The Reimer-Tiemann reaction, an aromatic substitution reaction that occurs under basic conditions, is in many respects a unique reaction. It is one of the few organic reactions whose industrial importance seems to increase yearly, notwithstanding the environmental hazards associated with the use of chloroform, while academic interest remains considerable. In addition to the fact that the normal reaction continues to intrigue chemists, the so-called abnormal Reimer-Tiemann reaction that furnishes substituted cyclohexadienes remains of considerable interest. Several previous surveys of the Reimer-Tiemann reaction have been published. Consequently, we focus here on recent developments. 

Intriguing but confusing information is available in two Chemical Abstracts references to Chinese publications. A 1988 abstract d reports the behavior of phenol under Reimer-Tiemann reaction conditions with the addition of tertiary amines. The authors claim that the para. ortho ratio is reversed from that normally observed and 60% yield of p-hydroxybenzaldehyde, 7% yield of o-hydroxybenzaldehyde and only 1% tars are obtained when phenol is subjected to the new conditions. One year later a report appeared in which it is claimed that the use of tertiary amines under phase-transfer conditions increases the yield of ortho product.
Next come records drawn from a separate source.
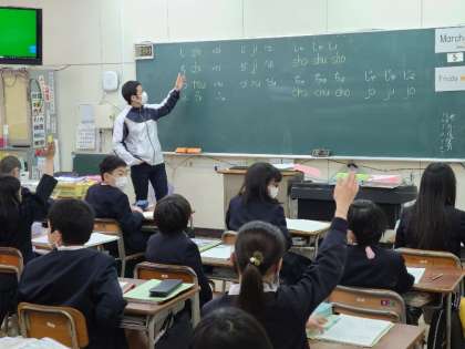 写真下:2組の英語の様子です。tu → tsu などローマ字の書き方の違いについて学習していました。
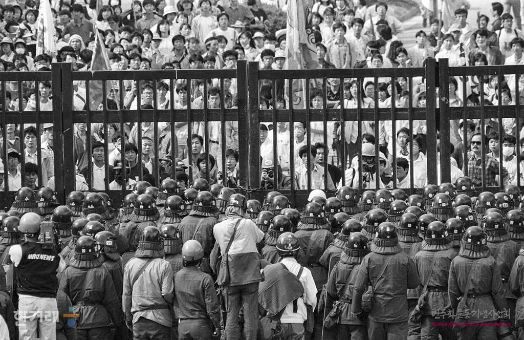 - 1989년 6월 10일 6월민주항쟁 2돌을 맞아 전대협 소속 대학생들과 시민 2천여명이 참석한 가운데 서울 연세대 민주광장에서 6.10남북실무회담 방행 규탄 및 평양축전 참가를 위한 백만학도 결의대회를 열고 있는 가운데 교뮨앞에서 경찰의 진압을 대비해 학생들과 대치를 하고 있다.
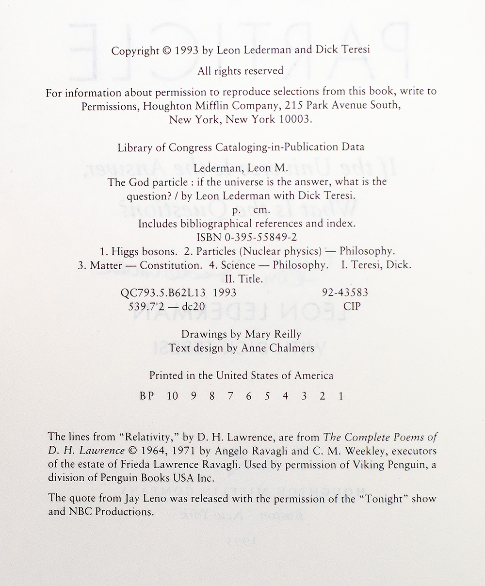First Edition of THE GOD PARTICLE; Signed by Nobel Prize-winning Physicist Leon Lederman
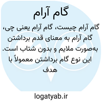 گام آرام به معنای قدم برداشتن به‌صورت ملایم و بدون شتاب است. این نوع گام برداشتن معمولاً با هدف حفظ تعادل، آرامش و یا بررسی دقیق مسیر انجام می‌شود. در فرهنگ فارسی، اشاره به گام آرام ممکن است بیانگر صبوری و احتیاط در انجام امور باشد.

The authors report a yield of 79% of salicylaldehyde from phenol using 0.37% catalyst (the nature of the catalyst is not mentioned in the abstract and the Chinese publication is not available to this author), and 35% sodium hydroxide at 55-60 °C for 90 min. Surely, these results (or the translation) warrant checking. 

Ring expansion during Reimer-Tiemann reaction conditions on pyrroles and indoles to furnish pyrid-ines and quinolines was observed by Ciamician in 1881 (equations 13 and 14). Although a preparative reaction of little use due to the low yield, this transformation stimulated others to carry out ring expansion attempts on nonphenolic substrates with considerable success. ...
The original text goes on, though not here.